Analysts’ Positive Ratings Boost StubHub Stock

At least 12 analysts began covering StubHub shares since late Sunday, with 11 analysts recommending a buy, while one maintained a neutral stance. This wave of ratings came after the traditional quiet period post-IPO ended.

  • StubHub stock rose nearly 5% to $19.82 during recent trades.
  • The company went public on September 17, 2023, with an initial share price of $23.50.
  • StubHub’s shares closed down by 6% on the first trading day.
  • Last week, shares were down 20% from the IPO price.

Analysts’ Price Targets and Predictions

Analysts expressed optimism about StubHub’s potential for growth. For example, BofA’s Justin Post assigned a buy rating with a price target of $25, citing the company’s anticipated revenue growth and market share gains. Evercore ISI’s Mark Mahaney also recommended a buy with a target of $29, pointing to a projected 29% revenue growth in 2024.

Wedbush’s Scott Devitt rated StubHub as outperform, setting a target of $25 as well, and emphasized the significant potential for growth in StubHub’s direct ticket issuance segment.

Challenges and Opportunities Ahead

Investors are particularly focused on StubHub’s capacity to expand its direct ticket issuance business, a move that brings challenges, especially against competitors like TicketMaster parent Live Nation. The company recently formed an agreement allowing Major League Baseball teams to sell tickets directly through its platform.

According to Devitt, the direct issuance market represents a $127 billion opportunity, dwarfing the $30 billion secondhand market. However, he cautioned about the risks involved in execution as the company strives to expand this segment.

Company Background

Co-founded by Eric Baker in 2000, StubHub was acquired by eBay in 2007 for $310 million. In 2020, eBay sold StubHub to Viagogo for approximately $4 billion. Under Baker’s leadership, StubHub Holdings continues to evolve.

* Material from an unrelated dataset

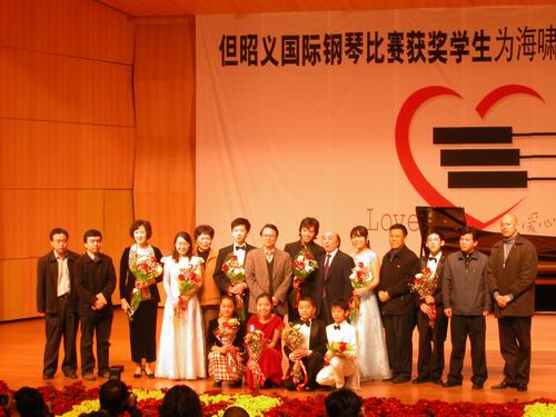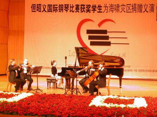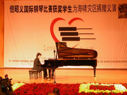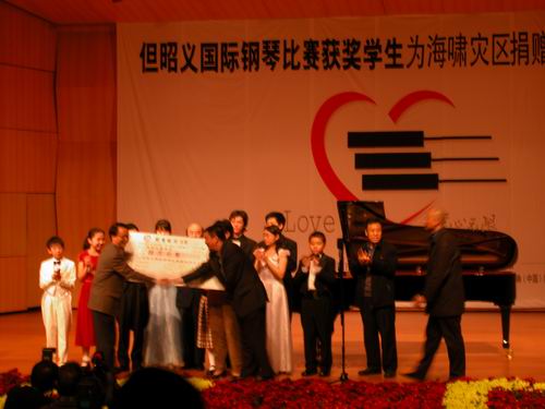 今日下午,深圳市少年宫剧场琴声飞扬,爱心涌动,能容纳700余人的观众席座无虚席。左章、张昊辰等8位但昭义弟子,联手举办了一场“但昭义国际获奖学生为海啸灾区捐赠义演”,李云迪获悉此消息,专程从香港赶到了演出现场,参加了师兄妹们的“爱心行动”。义演共筹集10万元门票收入,全数委托市慈善会捐献给印度洋灾区。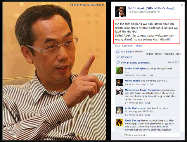 dah2x aku baru perasan lah..yang cakap dalam fb tu saiful apek lah dan bukan apek teo..tu mungkin saipul apek perli david teo sbb dulu masa bob masih hidup david teo tak pedulikan bob..so sbb sedih banget si apek perli lah david teo..so skrg kita tarak tau itu apek teo benar cakap serupa tidak sopan ma..juga kulang logik kalau olang aa sanggup hina olang suda mati..

In its recent IPO filing, StubHub reported a 29.5% revenue increase for 2024, projecting revenues to reach $1.77 billion. The first quarter of the year showed a 10% sales growth to $397.6 million, though the company also reported a net loss of $22.2 million for the quarter.

As StubHub navigates its post-IPO landscape, analysts remain cautiously optimistic about its prospects in the competitive online ticketing market.